En un trabajo apasionante, cuarenta especialistas reunidos para realizar una enciclopedia sobre el "hombre viril" invitan al lector a comprender la construcción y la deconstrucción de esa noción, desde la Antigua Grecia hasta nuestros días. La obra fue dirigida por los historiadores Alain Corbin, Jean-Jacques Courtine y Georges Vigarello, y publicada por Seuil. Después de leer sus tres tomos, que totalizan 1800 páginas, la sensación del lector es que el ideal del vir latino (origen de la palabra "virilidad", es decir, la cualidad de "verdadero hombre") termina francamente maltrecho.
Desde lo más recóndito de la historia, afirman los tres académicos, existe la representación de un "etos viril, hegemónico, basado en un ideal de fuerza física, firmeza moral, potencia sexual y dominación masculina". El proyecto de los responsables de esta historia cultural fue demostrar cómo, a partir de esa matriz, los modelos han variado a lo largo del tiempo, de acuerdo con los diversos contextos sociales. Los títulos de cada uno de los tres volúmenes que integran esta Historia de la virilidad corresponden a las etapas centrales que distinguen en esa evolución: el primero, Invención de la virilidad, abarca desde la Antigüedad hasta el Siglo de las Luces; el segundo,Triunfo de la virilidad, el siglo XIX, y el tercero, ¿Virilidad en crisis?, el siglo XX y lo que va del XXI.

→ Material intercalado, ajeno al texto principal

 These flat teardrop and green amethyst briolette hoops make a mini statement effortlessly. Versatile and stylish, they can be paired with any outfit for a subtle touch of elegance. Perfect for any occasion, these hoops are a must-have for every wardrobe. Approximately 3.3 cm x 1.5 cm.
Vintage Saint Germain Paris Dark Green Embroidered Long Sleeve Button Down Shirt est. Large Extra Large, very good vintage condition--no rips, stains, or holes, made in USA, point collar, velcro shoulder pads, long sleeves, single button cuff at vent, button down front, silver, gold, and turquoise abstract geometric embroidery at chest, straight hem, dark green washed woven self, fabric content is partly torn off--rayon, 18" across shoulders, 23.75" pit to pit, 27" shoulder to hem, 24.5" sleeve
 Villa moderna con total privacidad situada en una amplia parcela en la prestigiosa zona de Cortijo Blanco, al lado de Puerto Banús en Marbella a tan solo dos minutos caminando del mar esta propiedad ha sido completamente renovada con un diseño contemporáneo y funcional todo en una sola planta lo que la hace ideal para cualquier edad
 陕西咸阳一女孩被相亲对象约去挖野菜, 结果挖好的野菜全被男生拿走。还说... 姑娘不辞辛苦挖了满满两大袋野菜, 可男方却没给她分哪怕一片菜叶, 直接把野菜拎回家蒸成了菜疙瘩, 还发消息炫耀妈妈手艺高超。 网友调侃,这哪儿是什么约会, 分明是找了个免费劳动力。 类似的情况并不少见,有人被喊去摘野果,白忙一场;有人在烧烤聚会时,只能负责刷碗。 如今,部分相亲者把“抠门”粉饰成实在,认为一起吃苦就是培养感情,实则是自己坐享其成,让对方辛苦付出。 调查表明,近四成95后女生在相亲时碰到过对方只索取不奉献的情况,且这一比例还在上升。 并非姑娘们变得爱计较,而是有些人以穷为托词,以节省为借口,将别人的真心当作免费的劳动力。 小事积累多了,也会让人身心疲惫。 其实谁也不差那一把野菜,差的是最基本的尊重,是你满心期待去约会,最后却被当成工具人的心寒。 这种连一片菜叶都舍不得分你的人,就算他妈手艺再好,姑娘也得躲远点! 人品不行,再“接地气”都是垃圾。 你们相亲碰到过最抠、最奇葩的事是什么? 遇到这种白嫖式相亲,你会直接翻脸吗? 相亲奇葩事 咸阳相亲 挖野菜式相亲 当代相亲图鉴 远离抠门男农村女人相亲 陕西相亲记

Al comienzo fueron guerreros, héroes, patriarcas, seductores? En una palabra, todos "verdaderos" varones. Sin embargo, con el correr de los siglos, el hombre abandonó poco a poco ese lastre. ¿Para reemplazarlo por qué? Ésa es toda la cuestión. Probablemente por nada.
De la virilidad conquistadora de Julio César a la virilidad imprudente (o impúdica) de Dominique Strauss-Kahn, el poder -ya sea político, económico o intelectual- siempre estuvo acompañado por un atributo, la potencia, sin que nadie supiera muy bien cómo definirlo. Al trazar la tortuosa historia de la transformación del ideal viril en las sociedades occidentales, estos tres volúmenes, generosamente ilustrados, explican hasta qué punto esa noción está ligada al poder. Tan ligada que Juana de Arco o Margaret Thatcher son a veces todavía más viriles que los hombres.

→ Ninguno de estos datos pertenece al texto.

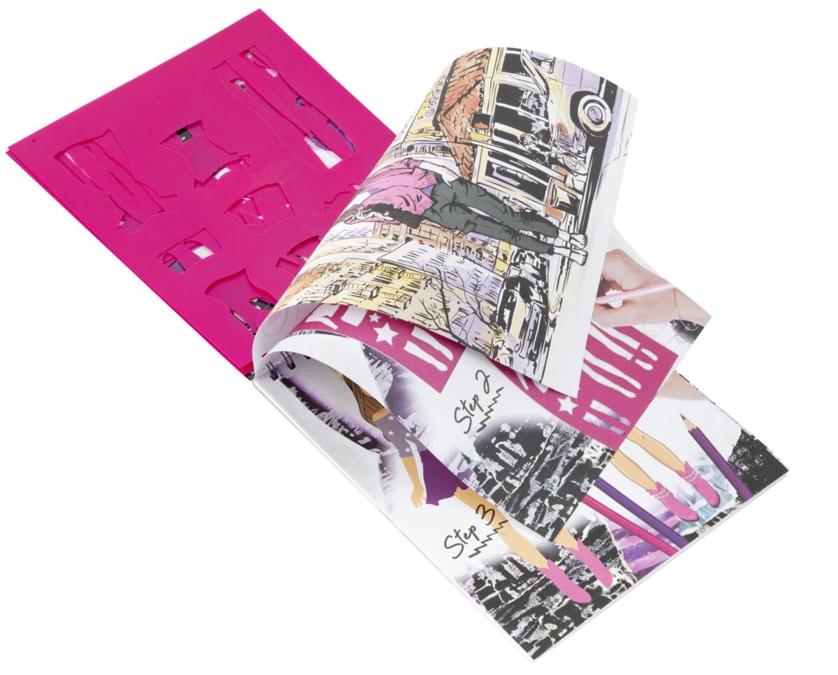 Dit stijlvolle schetsboek met stevige ringband is ideaal voor alle kleine en grotere modeliefhebbers. Dankzij de voorgedrukte silhouetten, sjablonen en stickers kun je snel originele ontwerpen maken, kleuren combineren en experimenteren met accessoires.
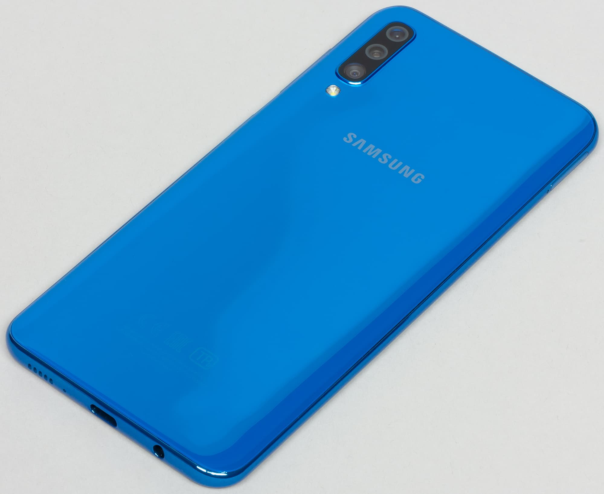 Samsung Galaxy A50 поступает в продажу в трех одинаково привлекательных окрасах: синем, белом и черном. Защиты от пыли и влаги аппарат не получил.

Porque la virilidad no es una cualidad exclusiva del hombre. Los recientes debates en torno a la teoría de los géneros para saber si las diferencias sexuales son previas al nacimiento subrayaron la importancia de la cuestión. Parafraseando a Simone de Beauvoir, uno no nace viril, deviene en ello. Eso es, en todo caso, lo que surge de esta "suma homológica" dirigida por tres hombres.
Varones, tembleques y pedofilia
En la Antigüedad, como en la edad clásica, la virilidad "no se buscaba en un diálogo con la mujer", afirma Georges Vigarello [ver entrevista aparte]. Cada uno a su manera, griegos y romanos tenían una concepción de la virilidad bastante? original, vista desde una perspectiva actual. Maurice Sartre, gran especialista en la Antigüedad helénica, subraya el "carácter pedófilo" de la educación griega.
Además de aprender el manejo de las armas y a resistir el sufrimiento, los adolescentes (de entre 12 y 17 años) eran sometidos a la "protección" de un preceptor-amante. Para los griegos adultos -sobre todo, para los poderosos-, el eros masculino era signo de distinción. De ninguna manera los amores masculinos eran considerados infames. Encerradas en el gineceo, las esposas legítimas estaban destinadas a la reproducción, sometidas a la autoridad del marido, que buscaba con más frecuencia el placer sexual en prostitutas o esclavos, masculinos o femeninos, o en relaciones adulterinas fuera del espacio patriarcal.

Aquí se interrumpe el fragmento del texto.